Distributed Linear Regression via Gradient Descent¶
Distributed linear regression using gradient descent leverages the computational power of multiple nodes to efficiently train a model on large-scale datasets. The core idea is to parallelize the gradient computation and synchronize model updates, enabling scalable machine learning.
1. Distribute the Dataset¶
The dataset $D = \{(x_i, y_i)\}_{i=1}^n$ is partitioned across worker nodes in the Spark cluster.
Each worker node receives a subset $ D_k \subset D$ to process locally.
2. Local Gradient Calculation¶
Each worker computes the gradient of the loss function (e.g., MSE) with respect to the current model parameters $\theta$, using its local data $D_k$.
For linear regression:
$$ \text{Loss} = \frac{1}{2n} \sum_{i=1}^n (\hat{y}_i - y_i)^2, \quad \hat{y}_i = x_i^\top \theta $$
The local gradient on node $k$ is:
$$ \nabla_k = \frac{1}{|D_k|} \sum_{(x_i, y_i) \in D_k} x_i (x_i^\top \theta - y_i) $$
This step ensures each node computes its own partial gradient independently.
3. Aggregate Gradients Across Nodes¶
Once all local gradients $\nabla_k$ are computed:
Reduce: Local gradients are sent to the driver and summed: $$ \nabla = \sum_k \nabla_k $$
All-Reduce (efficient alternative): Each node participates in summing and receiving the global gradient, minimizing communication overhead.

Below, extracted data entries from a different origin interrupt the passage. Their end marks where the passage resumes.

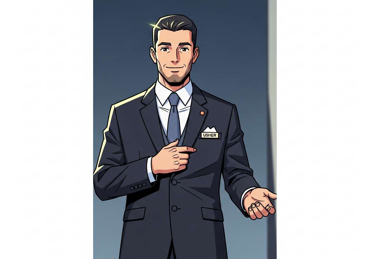 劇場や結婚式などで人々を席に案内する係員を指します。動詞として「案内する」という意味でも使われます。
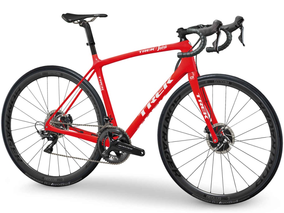Émonda SLR 8 Disc je ultralehké závodní kolo s profesionálními díly a kotoučovými brzdami pro lepší brzdný účinek a ovladatelnost. Má náš nejlehčí OCLV karbonový rám, plnou sadu mechanických komponent Dura-Ace a karbonová kola Bontrager Aeolus Pro 3 Disc.
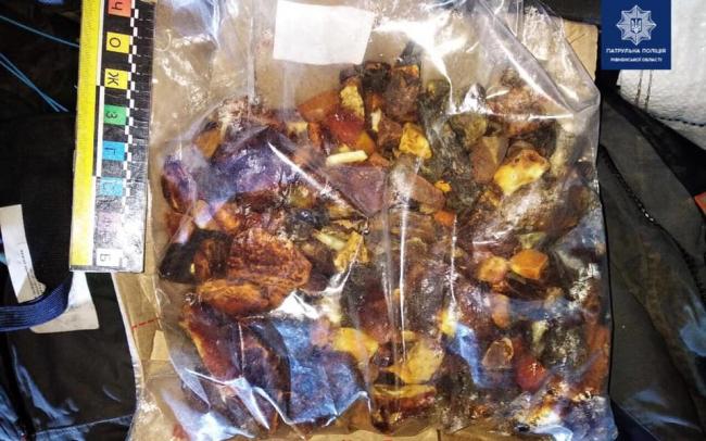 Як повідомляє патрульна поліція Рівненщини, керманич та пасажири, які знаходилися в авто, помітно нервували. В результаті проведення поверхневої перевірки на підставі ст.34 Закону України «Про Національну поліцію» в багажнику автомобіля інспектори знайшли картонну коробку з пакетом у якому знаходилося каміння, ззовні схоже на сирець бурштину.

4. Update Global Model Parameters¶
Using the aggregated gradient $\nabla$, update model parameters:
$$ \theta \leftarrow \theta - \eta \cdot \nabla $$
Where $\eta$ is the learning rate.
This update can be performed:
- Centrally on the driver (with
reduce
) - Or in a distributed fashion (with
all-reduce
)
5. Iterate Until Convergence¶
Repeat steps 2–4 until one of the following is met:
- Loss change is below a threshold
- Maximum number of iterations reached
- Gradient norm is below a tolerance
6. Convergence and Final Model¶
After convergence, the final model parameters $\theta^*$ are returned. This model can then be:
- Used for prediction
- Stored and deployed
- Evaluated on validation/test datasets
import findspark
findspark.init('/opt/apps/SPARK3/spark-current')
import pyspark
from pyspark.sql import SparkSession
spark = SparkSession.builder.appName("DistributedLinearRegressionGD").getOrCreate()
sc = spark.sparkContext
25/04/14 13:31:47 WARN [Thread-6] Utils: Service 'SparkUI' could not bind on port 4040. Attempting port 4041. 25/04/14 13:31:47 WARN [Thread-6] Client: Neither spark.yarn.jars nor spark.yarn.archive is set, falling back to uploading libraries under SPARK_HOME.
Simulation¶
## Generate Synthetic Data
# We simulate 1000 data points where the true relationship is y = 3x + noise.
import numpy as np
np.random.seed(42)
n_samples = 1000
X = np.random.rand(n_samples) * 10
y = 3 * X + np.random.randn(n_samples)
data = list(zip(X, y))
data_rdd = sc.parallelize(data, numSlices=4)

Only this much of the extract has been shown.